To setup DVC, DVC needs to be installed:

pip install dvc --target packages_dvc
export PYTHONPATH=packages_dvc:$PYTHONPATH

To be able to track experiments with MLflow, add your username and password to the file machines/secrets.sh:

#!/bin/bash
export MLFLOW_TRACKING_USERNAME=""
export MLFLOW_TRACKING_PASSWORD=""
#empty line

Sharing experiments and data

To share experiments including models and metrics, a common remote needs to be defined. DVC supports a long list of remotes, but on a cluster system that potentially does not have access to the internet and e.g. S3 buckets, a local remote can be used. To setup a local remote, run:

dvc remote add -d localshare /dcai/projects/cu_0003/dvc/

When the remote is created for the first time (i.e. by the first user creating this folder), it needs to be initialized as git repository and the access rights configured for group write and read:

cd /dcai/projects/cu_0003/dvc/
chmod o+rwx .
git init

Further info can be found in the DVC documentation.

Running an experiment

Experiments are generally run by:

dvc exp run

Note: It is highly advised to run this in a tmux session as the command will take a while to finish (sbatch -W).

DVC automatically runs only the stages that have been updated as it keeps track of the dependencies defined in dvc.yaml.
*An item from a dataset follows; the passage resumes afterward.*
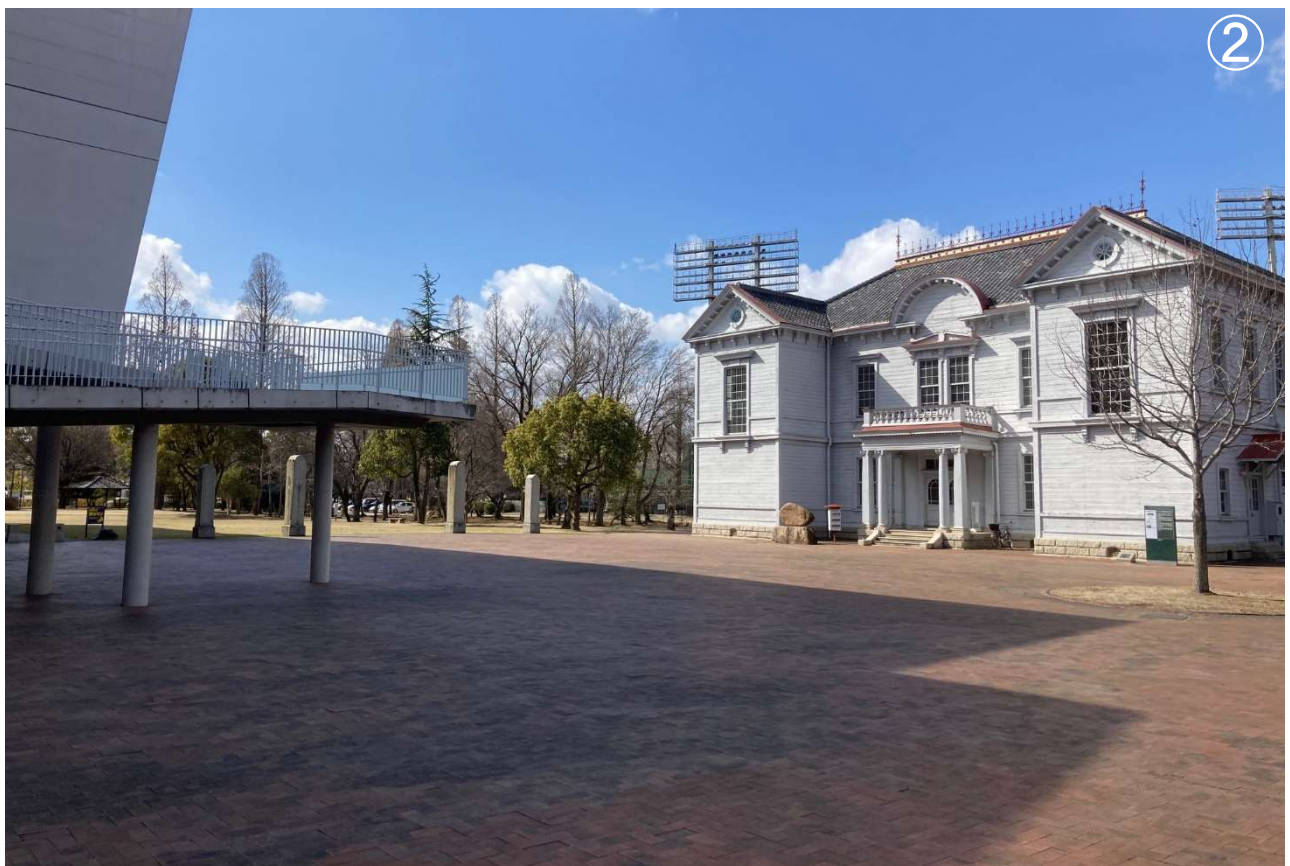
総合グラウンドクラブ前の広場

Once an experiment has been run and it is worth sharing with others, it can be pushed to the remote:

dvc exp push /dcai/projects/cu_0003/dvc/ <experiment>

This command will push all tracked experiment data (model, graph, data, ...) to the remote.

In the same way, experiments can be pulled from the remote:

dvc exp pull /dcai/projects/cu_0003/dvc/ <experiment>

And if one is just curious which experiments are available:

dvc exp list /dcai/projects/cu_0003/dvc/ # on the remote
dvc exp list # in the user/local space

Running a range of experiments

For hypterparameter searches or testing different configurations, it is possible to run a range of experiments. This can be done by using the --queue option:

dvc exp run --queue -S data/training_params.yaml:hidden_dim='1,2,4,8,16'
dvc queue start

This will run the training stage with different hidden dimensions. The --queue option will create a sequence of experiments that are defined by changing the parameters on-the-fly defined in e.g. data/training_params.yaml with the -S option.